このように、今回の試行的実施は、確実な排出削減の実現という点では多くの問題をもち、またいくつかの異なる制度を組み合わせるために複雑性と行政コストが増すことになりそうである。とはいえ、取引制度に触れたこともない多くの企業に試行的実施を通じて取引制度に慣れ親しんでもらうことは意味があるだろう。また、政府側でも様々な制度インフラの確立とノウハウの蓄積が可能になる、という点では試行的実施にも意味がある。しかし、それも本格実施が前提とされて初めて意味を持つのであって、試行的実施のまま終わってしまうのであれば、この取り組みの存在意義自体が問われかねない。

3.本格実施へ向けての課題
 試行的実施から本格実施へいつ、どのように移行するのかは明らかにされていないものの、筆者は2009年末から10年にかけて、いずれ本格実施が政策論議の俎上に上らざるをえないと考えている。というのは、その頃に試行的実施の結果がそれなりに明らかになり、デンマークで開催される第15回京都議定書締約国会議(COP15)の結果、2013年以降の国際枠組みの姿が見えてくるからである。
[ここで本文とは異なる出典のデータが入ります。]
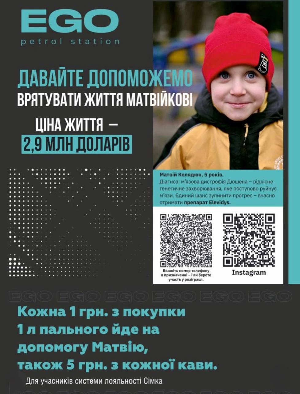 З 31 січня на всіх автозаправних станціях EGO стартувала масштабна благодійна акція на підтримку маленького Матвія Колядюка, який бореться з важким генетичним захворюванням і потребує дороговартісного лікування.

 筆者が望ましいと考えている制度設計案はすでに別の箇所(諸富徹・鮎川ゆりか『脱炭素社会と排出量取引』日本評論社、2007年)で提示しているので、関心のある方はそちらをご参照頂きたいが、いずれにせよ、排出量取引制度は2013年以降の日本の気候変動政策の中核に据えるべき政策手段である。したがって、現在はあいまいになっている本格実施の導入とその年限について早期に政治的決定を行い、その下で具体的な制度設計に着手すべきであろう。